Thermoelectric performance of quaternary Mg2(1+x)Si0.2Ge0.1Sn0.7 (0.06 ≤ x ≤ 0.12) solid solutions with band convergence

The study of Mg2Si based thermoelectric materials has received widespread attention. In this research, quaternary Mg2(1+x)(Si0.2Ge0.1Sn0.7)0.99Sb0.01 (0.06≤x ≤ 0.12) solid solutions with an optimized Sb doping were prepared by B2O3 flux method combined with spark plasma sintering (SPS) technique. The Seebeck coefficient, electrical conductivity and thermal conductivity were measured as a function of Mg excess between 300 K and 780 K. The electron concentration, electrical conductivity and lattice thermal conductivity increase while the Seebeck coefficient decreases with increasing magnesium excess content.
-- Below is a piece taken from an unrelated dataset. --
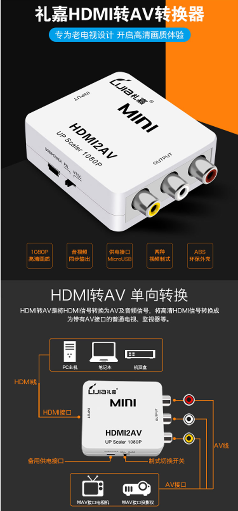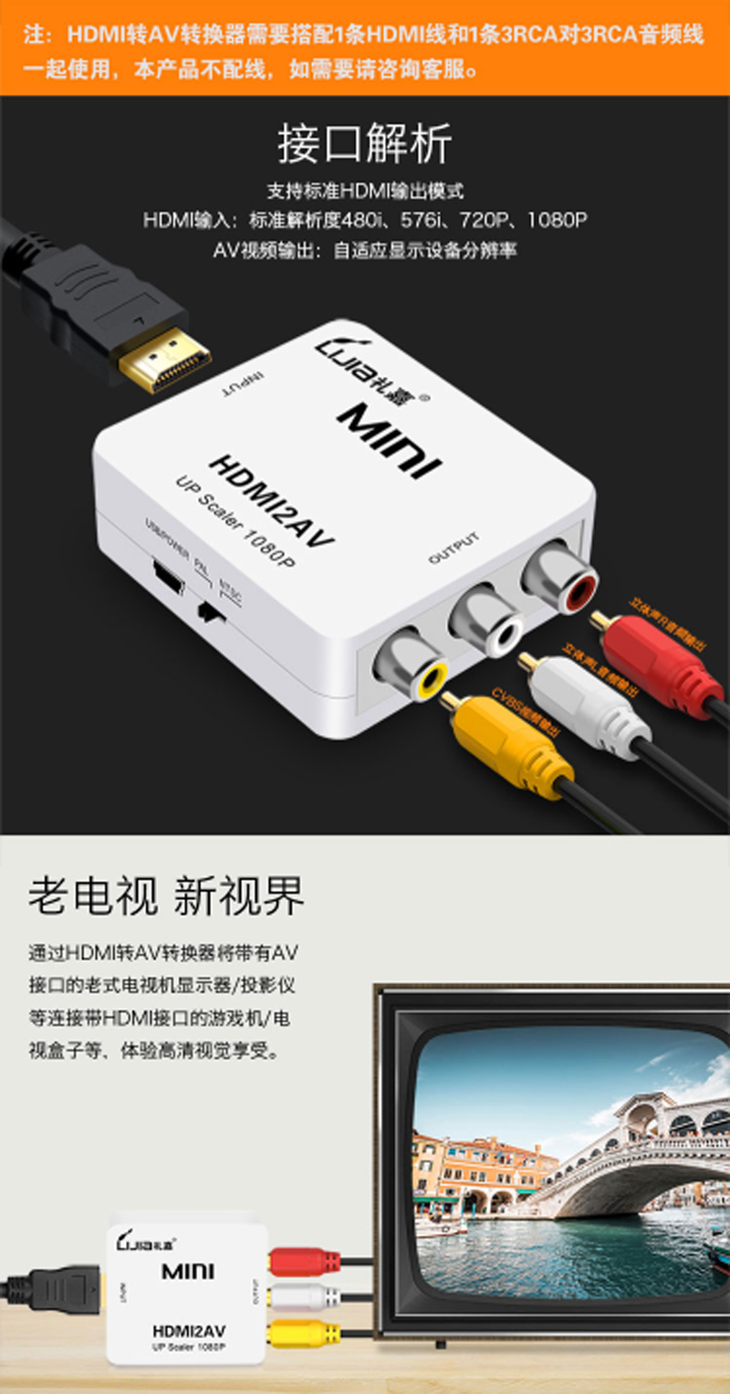 商品名称:☆礼嘉 LIJIA HDV-M988 HDMI转AV转换器 HDMI转AV转接线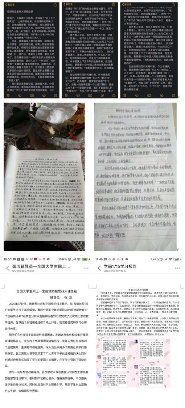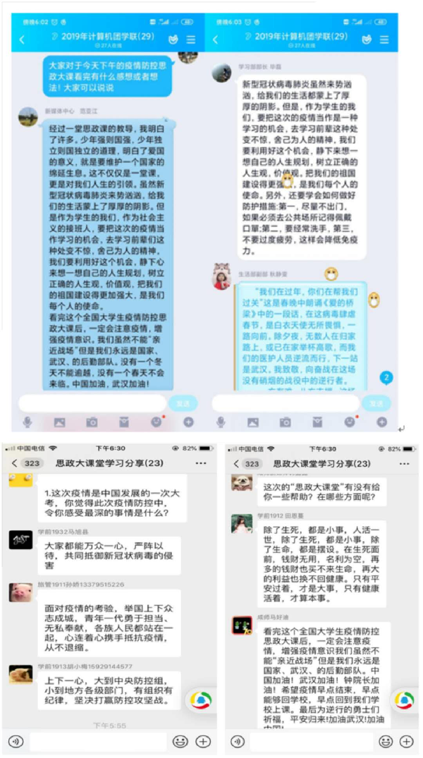 学校党委高度重视、周密部署、统筹安排,将本次“思政大课”列入全校教职员工思想政治教育工作、疫情防控期间思政课教学的重要内容,在第一时间拟定《关于做好收看疫情防控思政大课的通知》,并通过学校官网、微信公众号、学工群、教务网、学生班级微信群等平台组织宣传。各二级学院党委因地制宜,积极组织师生在线讨论,撰写心得体会,深化对课程内容的认识。马克思主义学院安排了当日下午有思政课的教师组织上课667名学生进行了课堂在线讨论,组织各党支部组织师生党员扫描进入“学习通”专用群,在线畅谈自己的感想和收获,提交书面学习体会,并由支部书记对相关问题进行辅导、答疑解惑;文学与传播学院利用微信“问卷星”制作“利用特殊时期,上好人生大课”疫情防控思政大课网络调查问卷,结合讲授内容对学生关于此次抗击疫情大战中英雄人物的了解和当代青年学生在面对疫情时应如何表现等问题做相关调查;计算机学院在学生家长中进行宣传,鼓励家长陪学生一起观看思政课,有效促进了思政课教育效果,引导学生深刻认识到中华民族不畏困难、拼搏顽强的优秀品质,从而激励学生传承和弘扬爱国主义精神。

The electron effective mass enhancement for x ≥ 0.08 suggests the conduction band convergence of Mg2Si0.2Ge0.1Sn0.7. Mg2.16(Si0.2Ge0.1Sn0.7)0.99Sb0.01 with a maximum dimensionless figure of merit of 0.94 at 780 K stand out as one of the best materials for intermediate temperature applications, providing a good nontoxic alternative to PbTe.